[Exercise] Print only the lines below from the one with "研讨会上,参会人员根据颜色标" to the one with "A sweet heart", both included, exactly as they stand. Leave pictures out.

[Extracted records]
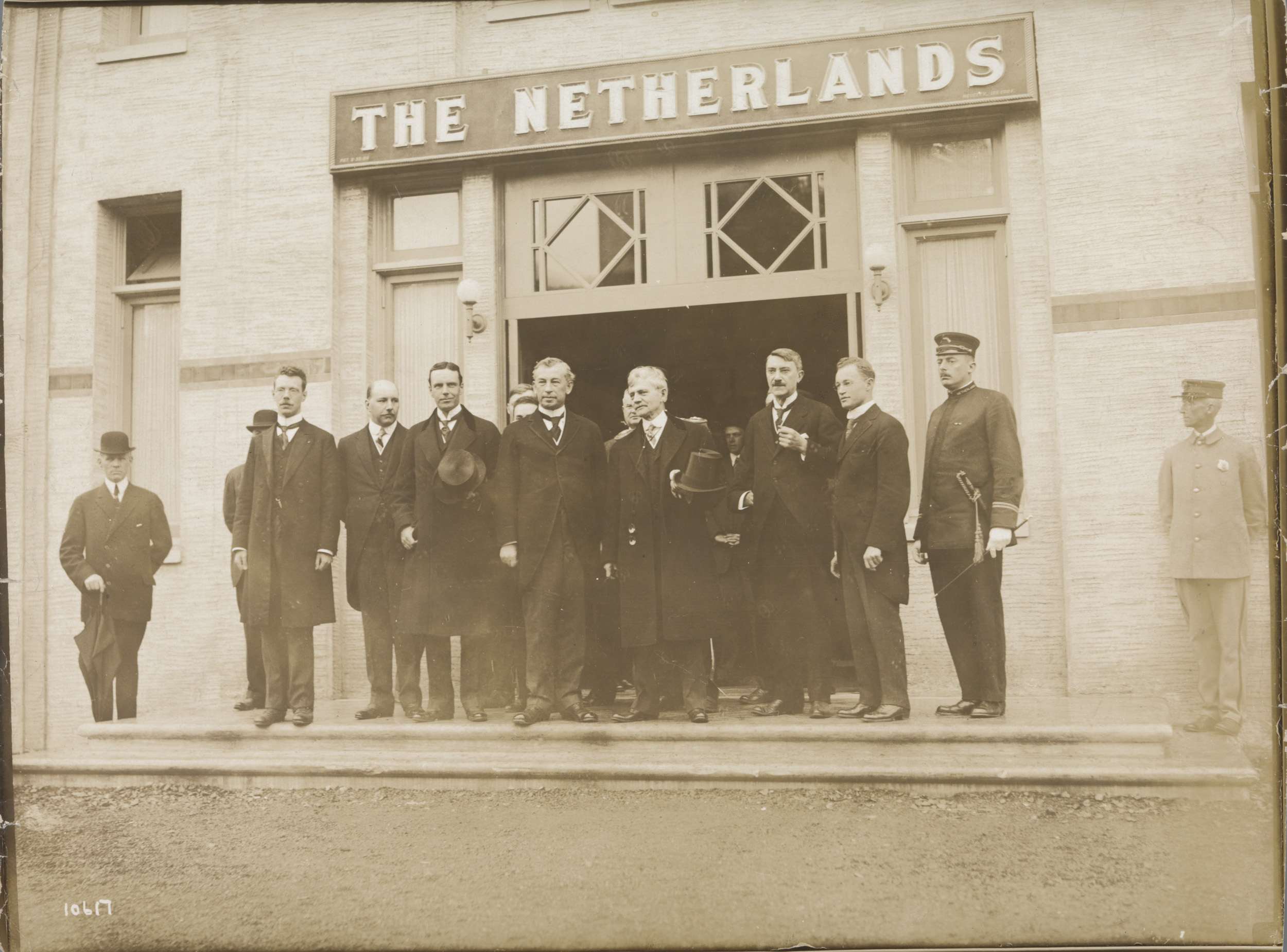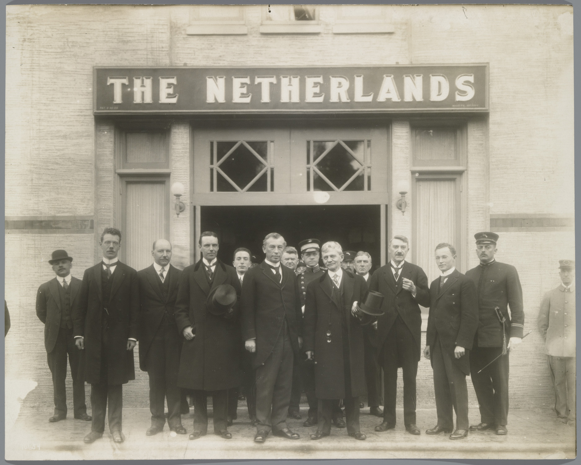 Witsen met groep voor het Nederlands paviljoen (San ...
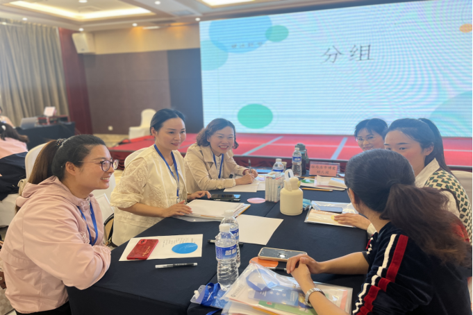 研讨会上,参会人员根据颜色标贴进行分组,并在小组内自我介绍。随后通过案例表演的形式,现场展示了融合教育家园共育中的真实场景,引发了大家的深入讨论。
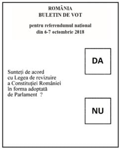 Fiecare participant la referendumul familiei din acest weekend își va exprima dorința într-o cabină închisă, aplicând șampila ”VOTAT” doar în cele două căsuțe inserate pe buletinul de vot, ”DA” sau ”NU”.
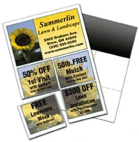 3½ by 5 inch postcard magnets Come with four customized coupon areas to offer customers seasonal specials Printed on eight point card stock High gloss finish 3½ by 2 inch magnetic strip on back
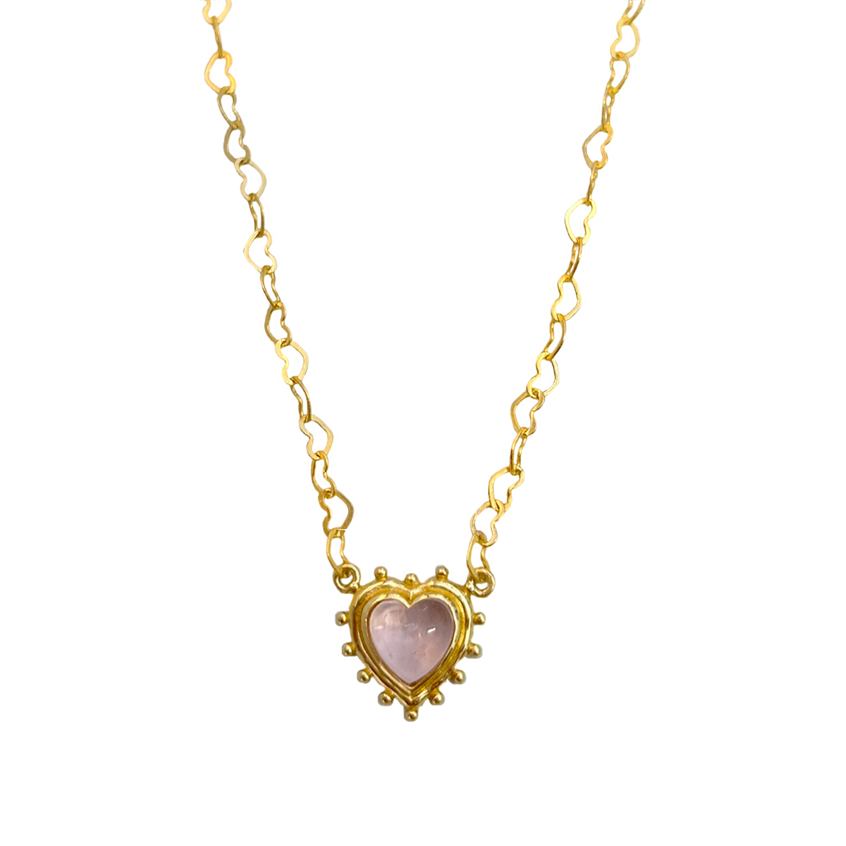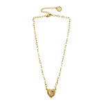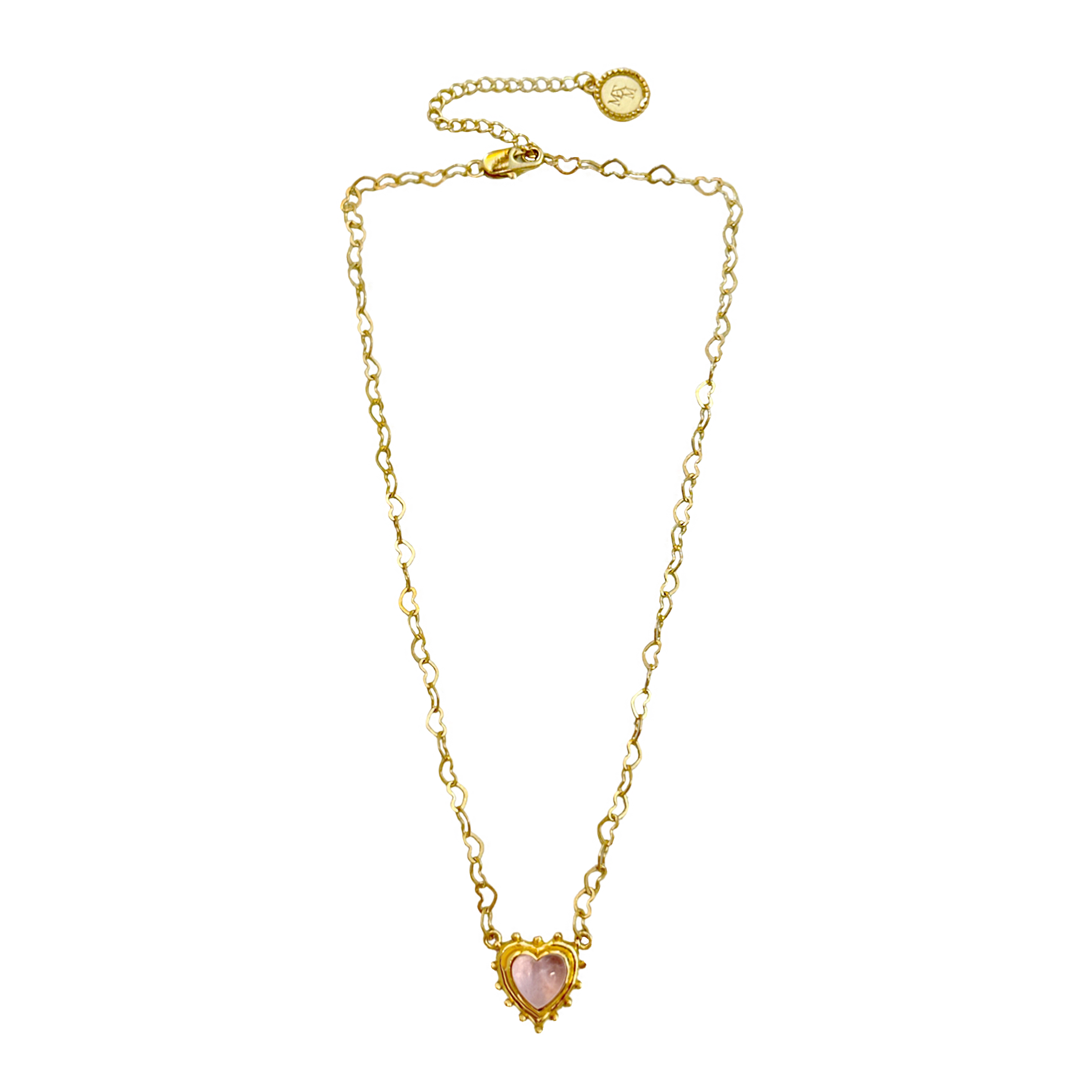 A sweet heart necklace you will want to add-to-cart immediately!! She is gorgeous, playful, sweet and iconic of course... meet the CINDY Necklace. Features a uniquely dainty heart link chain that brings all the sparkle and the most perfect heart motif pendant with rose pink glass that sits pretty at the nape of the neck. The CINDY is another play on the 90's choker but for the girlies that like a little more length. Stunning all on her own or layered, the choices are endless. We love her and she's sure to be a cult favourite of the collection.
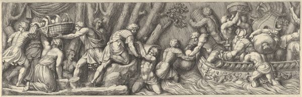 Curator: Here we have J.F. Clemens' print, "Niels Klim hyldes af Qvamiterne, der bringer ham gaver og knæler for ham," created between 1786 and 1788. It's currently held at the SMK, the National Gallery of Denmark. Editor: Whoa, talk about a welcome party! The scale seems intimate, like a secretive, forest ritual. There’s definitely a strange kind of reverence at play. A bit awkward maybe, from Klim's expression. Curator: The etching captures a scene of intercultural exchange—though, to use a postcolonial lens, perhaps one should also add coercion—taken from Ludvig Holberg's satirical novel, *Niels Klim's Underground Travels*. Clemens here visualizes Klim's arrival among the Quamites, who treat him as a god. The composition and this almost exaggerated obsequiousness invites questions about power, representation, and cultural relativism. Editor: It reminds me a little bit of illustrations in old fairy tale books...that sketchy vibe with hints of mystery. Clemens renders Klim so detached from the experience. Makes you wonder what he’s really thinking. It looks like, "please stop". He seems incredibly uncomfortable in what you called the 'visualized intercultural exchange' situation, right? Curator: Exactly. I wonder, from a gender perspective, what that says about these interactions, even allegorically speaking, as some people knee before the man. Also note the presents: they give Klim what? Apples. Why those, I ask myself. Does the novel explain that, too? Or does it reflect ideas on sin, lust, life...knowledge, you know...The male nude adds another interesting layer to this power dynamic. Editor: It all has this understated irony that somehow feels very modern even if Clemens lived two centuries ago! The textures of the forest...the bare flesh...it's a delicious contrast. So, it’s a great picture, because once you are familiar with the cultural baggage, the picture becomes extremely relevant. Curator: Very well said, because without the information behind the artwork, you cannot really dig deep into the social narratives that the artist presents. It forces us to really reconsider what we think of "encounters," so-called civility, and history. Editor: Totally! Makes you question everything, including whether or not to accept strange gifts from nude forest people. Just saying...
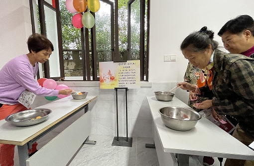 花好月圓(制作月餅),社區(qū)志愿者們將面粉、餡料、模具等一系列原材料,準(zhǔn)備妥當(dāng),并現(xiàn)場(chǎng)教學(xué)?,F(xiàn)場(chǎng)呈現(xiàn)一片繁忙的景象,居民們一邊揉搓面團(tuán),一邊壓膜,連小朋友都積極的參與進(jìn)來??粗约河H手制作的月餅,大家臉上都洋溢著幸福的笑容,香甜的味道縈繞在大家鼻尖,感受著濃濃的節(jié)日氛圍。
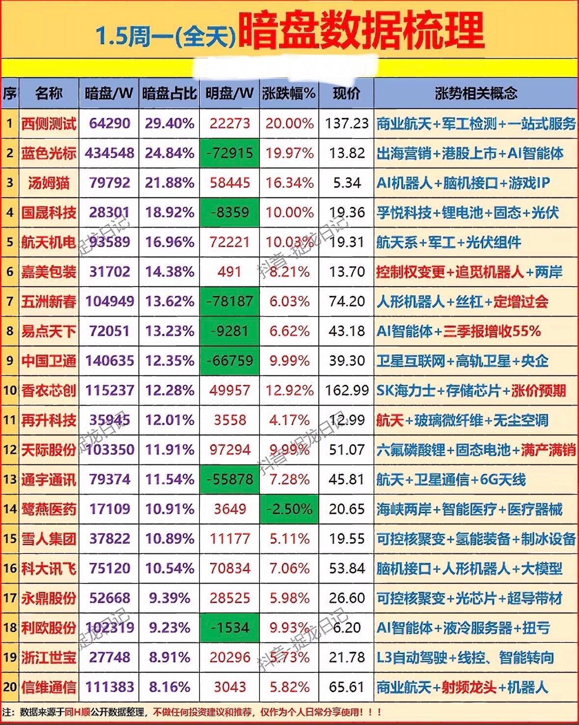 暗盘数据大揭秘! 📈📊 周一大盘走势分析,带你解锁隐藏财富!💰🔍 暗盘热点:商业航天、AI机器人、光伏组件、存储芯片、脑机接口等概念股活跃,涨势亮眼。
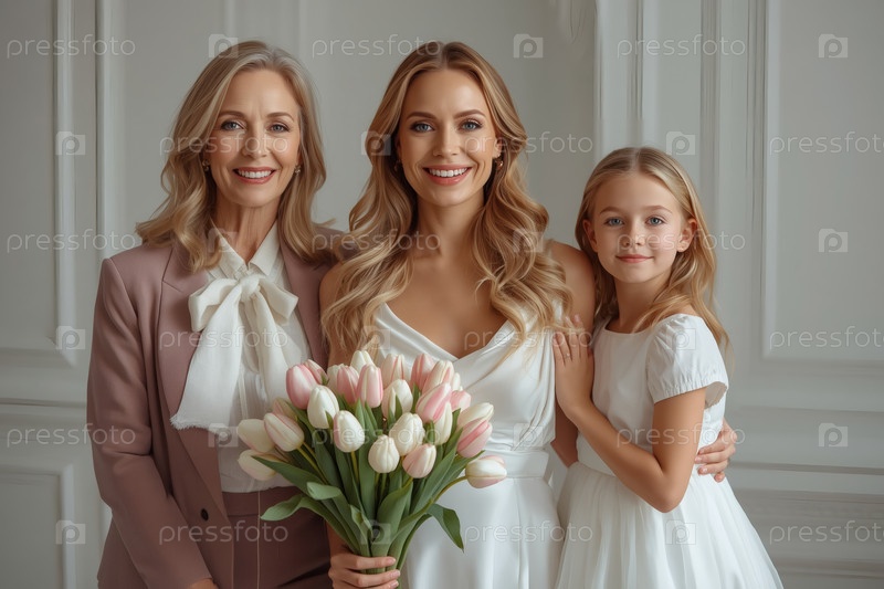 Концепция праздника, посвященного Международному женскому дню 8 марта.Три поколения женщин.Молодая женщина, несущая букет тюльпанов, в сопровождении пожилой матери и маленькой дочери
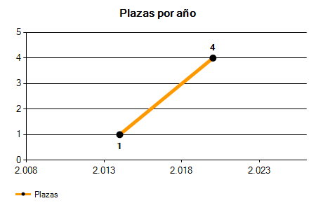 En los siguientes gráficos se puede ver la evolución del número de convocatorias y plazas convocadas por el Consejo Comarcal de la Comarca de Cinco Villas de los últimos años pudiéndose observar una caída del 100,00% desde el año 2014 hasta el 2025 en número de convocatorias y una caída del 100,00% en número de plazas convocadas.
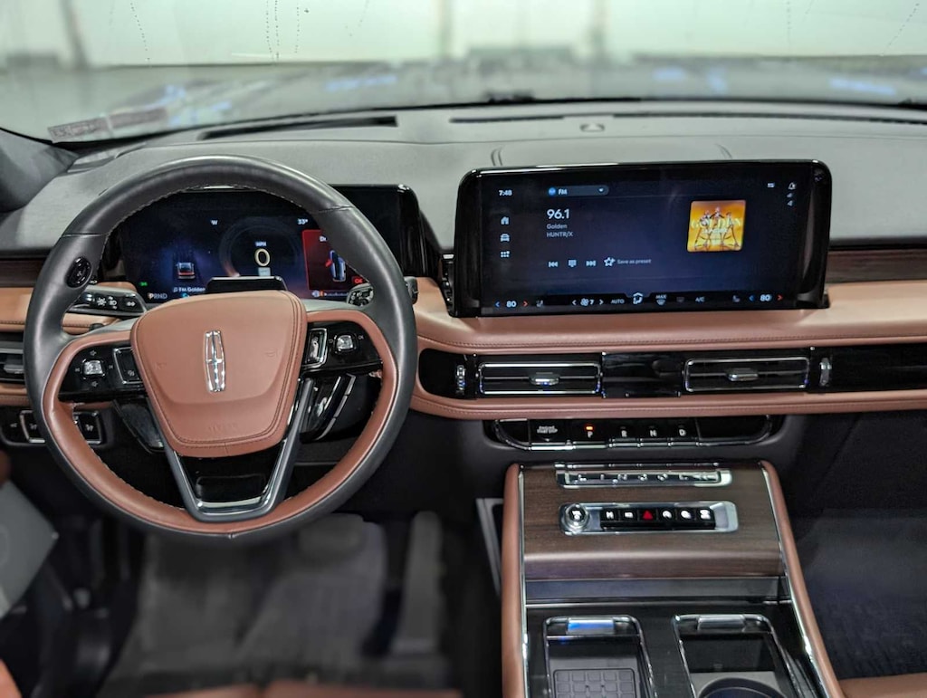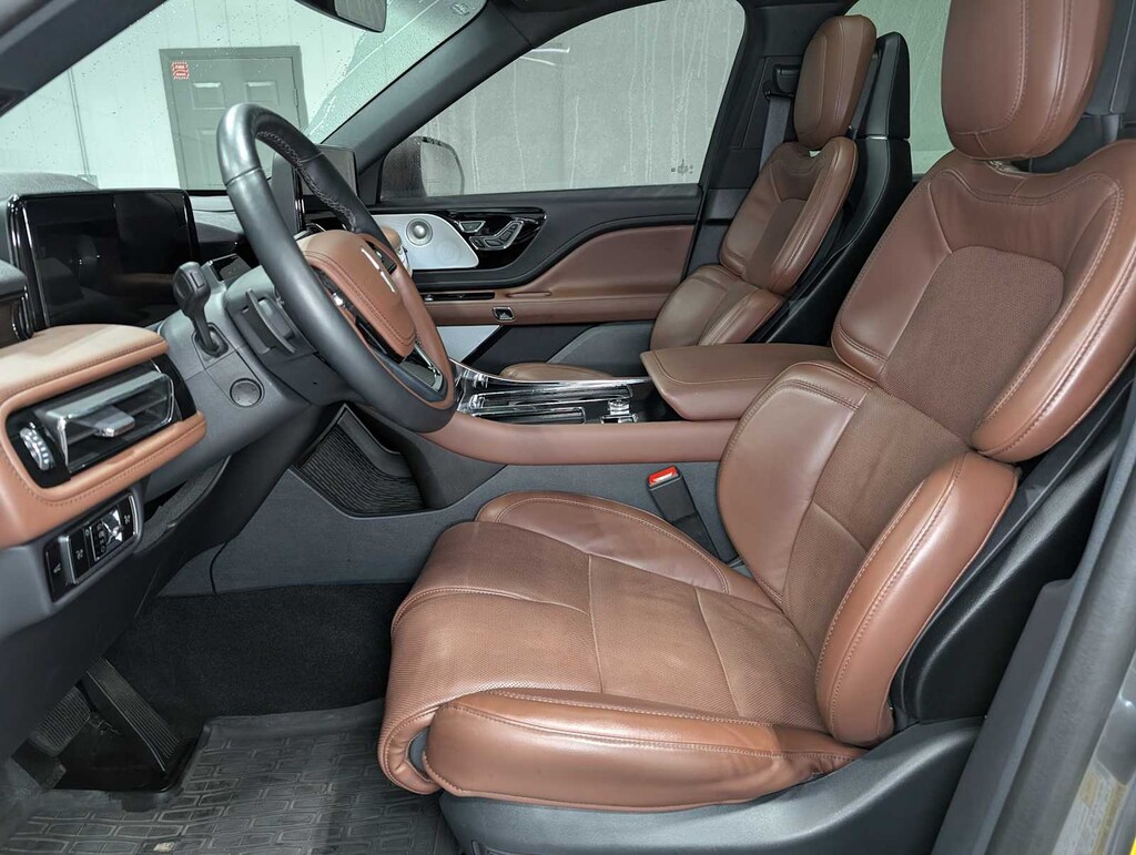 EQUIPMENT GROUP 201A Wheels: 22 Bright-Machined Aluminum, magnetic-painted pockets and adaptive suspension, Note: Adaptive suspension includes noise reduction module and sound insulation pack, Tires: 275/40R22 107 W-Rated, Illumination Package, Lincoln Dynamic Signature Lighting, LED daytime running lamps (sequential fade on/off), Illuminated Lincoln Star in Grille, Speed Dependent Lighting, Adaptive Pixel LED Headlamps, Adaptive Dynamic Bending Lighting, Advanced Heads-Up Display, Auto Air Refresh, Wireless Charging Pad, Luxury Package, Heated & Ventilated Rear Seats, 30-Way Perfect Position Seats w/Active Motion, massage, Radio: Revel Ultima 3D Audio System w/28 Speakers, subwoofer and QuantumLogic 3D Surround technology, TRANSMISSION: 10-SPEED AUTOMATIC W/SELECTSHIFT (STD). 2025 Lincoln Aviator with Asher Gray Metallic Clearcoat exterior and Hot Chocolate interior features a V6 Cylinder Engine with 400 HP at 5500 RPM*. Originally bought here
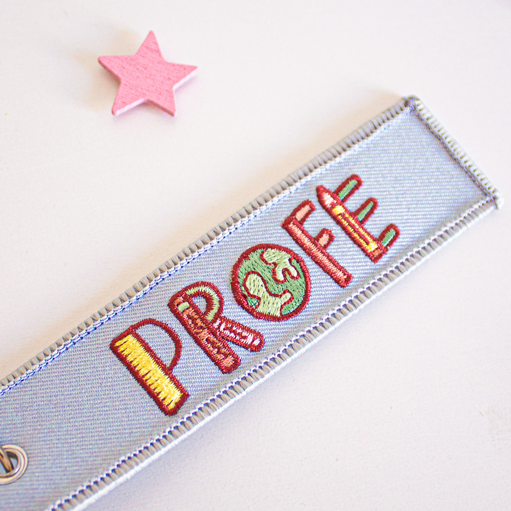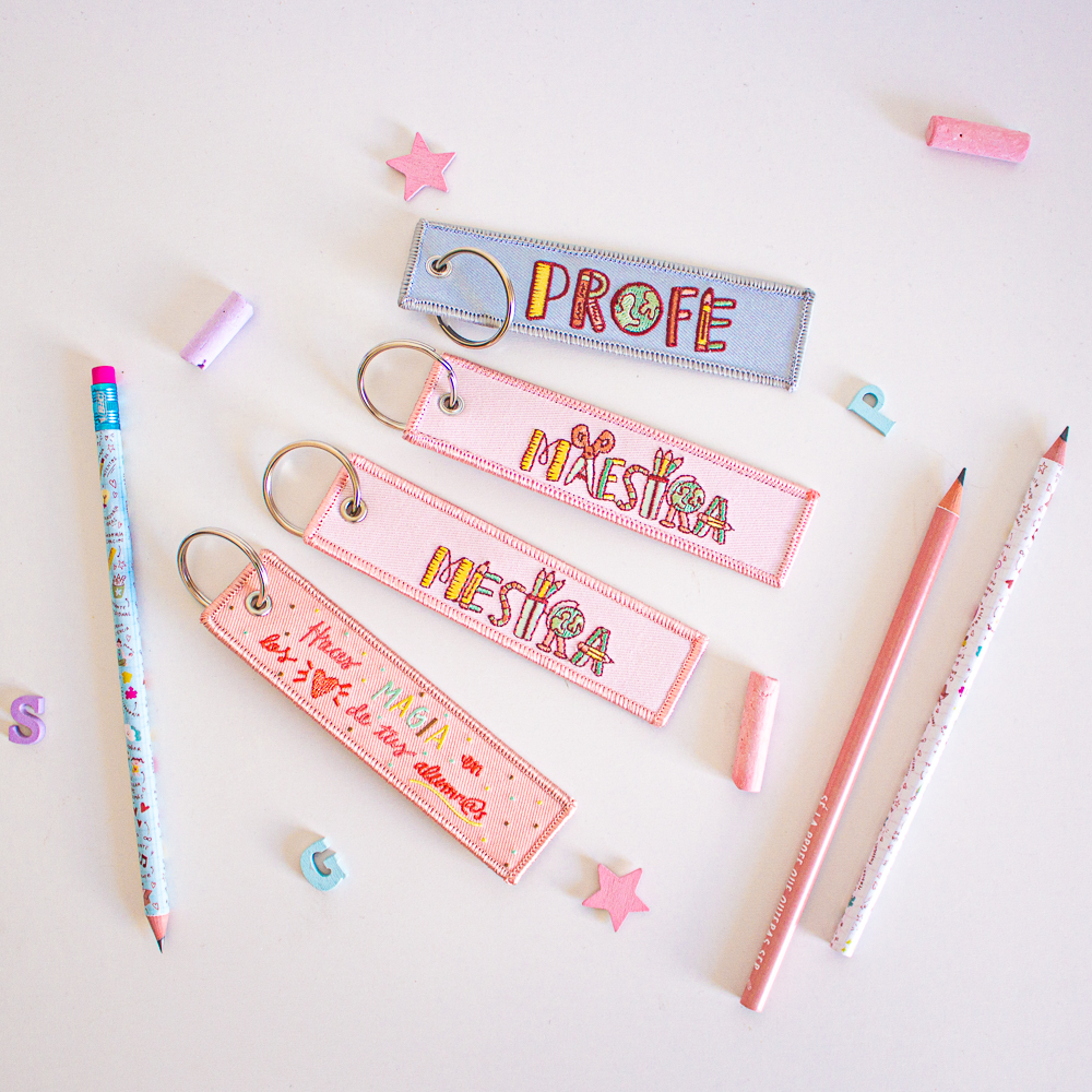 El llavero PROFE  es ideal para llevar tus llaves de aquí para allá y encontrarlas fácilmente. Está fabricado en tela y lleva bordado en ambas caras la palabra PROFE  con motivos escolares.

[Solution for this task]
 研讨会上,参会人员根据颜色标贴进行分组,并在小组内自我介绍。随后通过案例表演的形式,现场展示了融合教育家园共育中的真实场景,引发了大家的深入讨论。
 Fiecare participant la referendumul familiei din acest weekend își va exprima dorința într-o cabină închisă, aplicând șampila ”VOTAT” doar în cele două căsuțe inserate pe buletinul de vot, ”DA” sau ”NU”.
 3½ by 5 inch postcard magnets Come with four customized coupon areas to offer customers seasonal specials Printed on eight point card stock High gloss finish 3½ by 2 inch magnetic strip on back
 A sweet heart necklace you will want to add-to-cart immediately!! She is gorgeous, playful, sweet and iconic of course... meet the CINDY Necklace. Features a uniquely dainty heart link chain that brings all the sparkle and the most perfect heart motif pendant with rose pink glass that sits pretty at the nape of the neck. The CINDY is another play on the 90's choker but for the girlies that like a little more length. Stunning all on her own or layered, the choices are endless. We love her and she's sure to be a cult favourite of the collection.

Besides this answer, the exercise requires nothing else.